Essendo malati chemorefrattari o recidivati precocemente dalla prima linea, più passa il tempo più la malattia “cresce” come volume e questo aumenta l’incidenza di eventi avversi e dà esiti negativi della terapia.
In questi anni, per migliorare questa situazione abbiamo ottimizzato il referral all’interno delle varie situazioni regionali e macroregionali, cercando di migliorare sempre più la comunicazione tra i centri hub e spoke della rete.
Abbiamo cercato anche di analizzare quelle che possono essere le criticità; in alcune Regioni ci sono, per esempio, problemi di raccolta aferetica o di posti letto.
Si tratta di qualcosa che per fortuna tocca poco la nostra Regione, il Lazio, che è quella che dal punto di vista organizzativo è stata forse più virtuosa di altre, grazie a meeting periodici e alla disponibilità di posti letto, che nel nostro centro è molto alta.
Anche le aziende produttrici, soprattutto alcune, hanno cercato di ottimizzare i passaggi che le vedono impegnate, portandoci ogni anno nuovi dati sui giorni di preparazione e del percorso VtV dalla spedizione del prodotto leucoaferetico al rientro dell’unità ingegnerizzata, con tempi sempre minori, fino meno di venti giorni.
Non meno importante, ma finora meno discusso, è il tempo Brain-to-Vein, che comprende anche le fasi preliminari di identificazione, consiglio e referaggio del paziente al centro hub più vicino (brain-to-apheresis). Perché è importante minimizzare anche la durata di queste fasi preliminari?
Per gli stessi motivi, si rischia di non avere l’inclusione del paziente all’interno del processo CAR-T a causa di una malattia rapidamente evolutiva e di una crescita troppo importante del tumore. I criteri Aifa, per esempio, hanno stabilito che ci debba essere una funzionalità d’organo minima per l’inclusione del paziente, anche passando solo pochi giorni potrebbe essere troppo tardi per accedere alla terapia CAR-T.
Il tempo BtV è meno calcolabile. Quello che è stato fatto per cercare di sensibilizzare la popolazione dei colleghi, soprattutto referral e sia intra-centro che extra-centro, è proprio finalizzato a ottimizzare il riferimento di alcuni pazienti, anche in presenza di dubbi sulla eleggibilità a CAR-T.
Mi viene in mente, per esempio, il linfoma mantellare, in cui l’identificazione di un caso ad alto rischio, già in seconda linea, può far presagire la necessità di segnalare il paziente in modo che non appena dovesse verificarsi l’eventuale fallimento, sia già conosciuto dal centro che può offrirgli in breve la terapia CAR-T.
Vi è una serie di ottimizzazioni, soprattutto a livello di referral e di preparazione dell’ipotetico paziente, che permettono di migliorare il tempo Brain-to-Vein.

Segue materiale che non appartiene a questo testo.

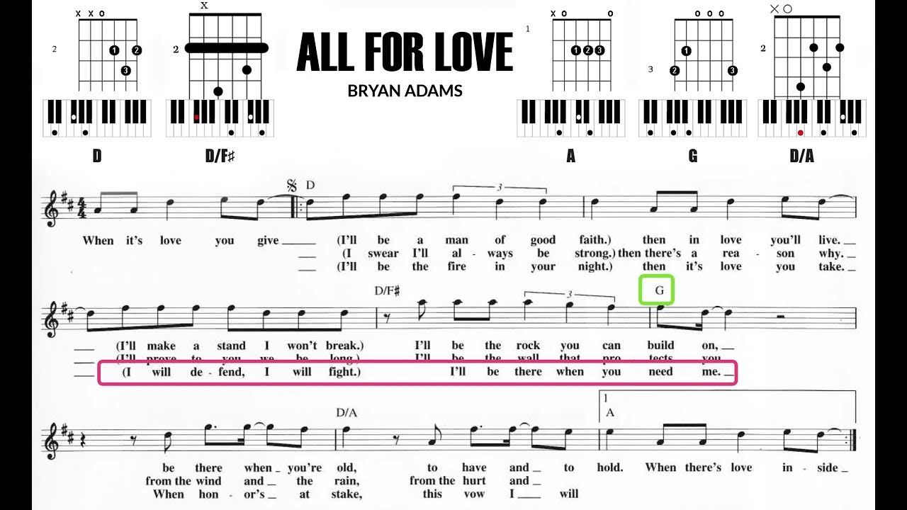 Difficulty: Novice All for love Bryan Adams, Rod Stewart and Sting D Major D When it's love you give (I'll be a man of good faith.) D Major D Then in love you live. (I'll make a stand. I won't break.) D/F#. Let's make it all for one and all G for love. Em7 Let the one you hold. And make it G all D/F# for Em7 one and A all for D love. When it's love you D make (I'll be the fire in your night.) Then it's love you D take (I will defend, I will fight.) D/F# I'll be there when you ne G ed me.

Siamo comunque in linea con quanto descritto nello studio francese DESCAR-T, che ha un tempo di osservazione più prolungato rispetto all’Italia.
Quali sono le criticità da considerare nella messa a punto dell’intero percorso del paziente, sia rispetto all’interazione, collaborazione e comunicazione tra centri spoke e hub che tra i vari centri hub localizzati nelle varie zone del territorio nazionale e/o regionale, e quali i suggerimenti per risolverle?

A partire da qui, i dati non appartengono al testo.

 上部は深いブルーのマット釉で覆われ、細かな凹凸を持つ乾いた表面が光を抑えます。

Purtroppo, le criticità sono differenti da centro a centro, o meglio da Regione a Regione. L’Italia è divisa in Regioni che sono come dei piccoli Stati, ognuna ha la sua realtà. Entrare all’interno di queste realtà fa sì che si possa migliorare il referral, arrivare a tutti i centri e far sì che si possa strutturare un percorso favorevole al paziente, anche dal punto di vista della gestione pratica.

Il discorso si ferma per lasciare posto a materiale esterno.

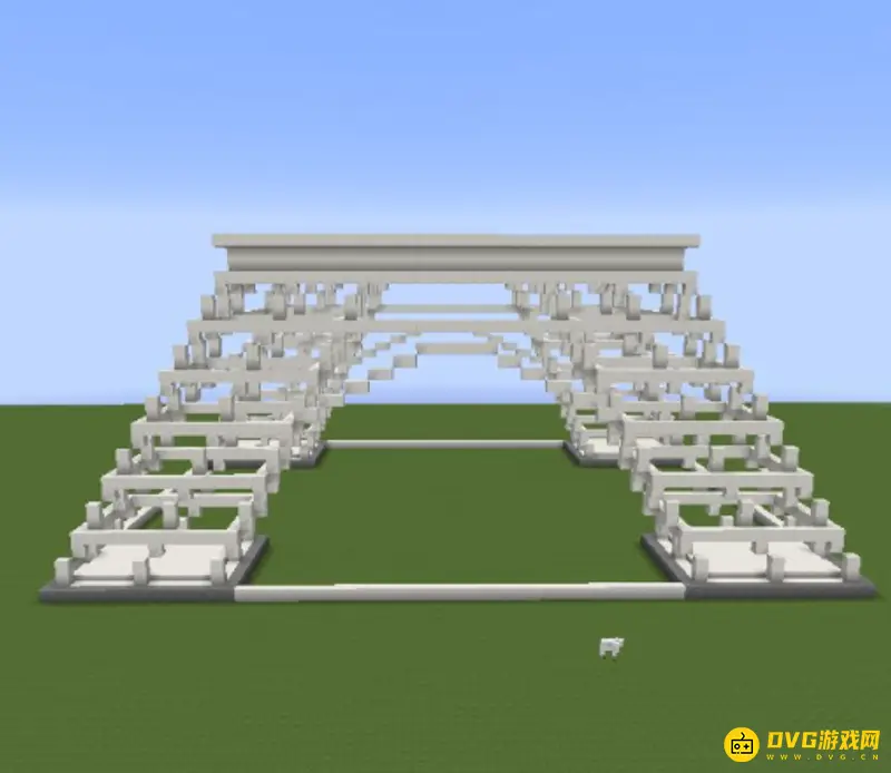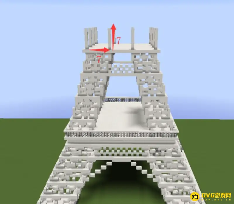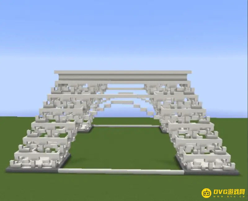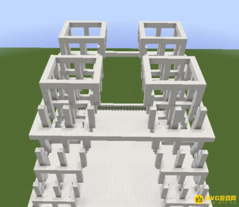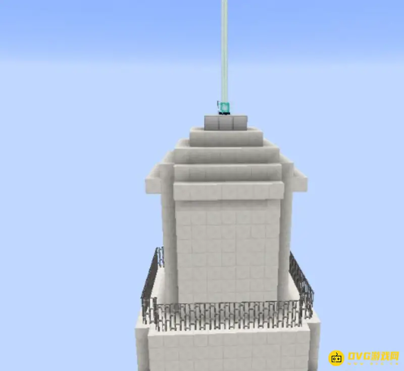 31、将第十层高的方块向外扩一格,然后按照第二层收一格,按照这个方式一直到顶层3X3的区域用铁块代替石英块,中间放一个信标。再将房子的中间一格掏空;

In alcuni ambiti, per esempio, il paziente può trovare difficoltà a soggiornare per più giorni vicino al centro hub che somministra la terapia CAR-T: una cosa che viene ancora richiesta, anche se pian piano modificata.
Deve esserci un’ottimizzazione di tutta questa rete, se ne sta parlando negli ultimi due anni. Dovrebbe esserci un potenziamento di questi collegamenti, anche nei centri raccolta, una chiara individuazione di modo che una volta stressata l’importanza della riduzione dei tempi d’attesa, si possa produrre il migliore effetto al paziente in termini di esiti.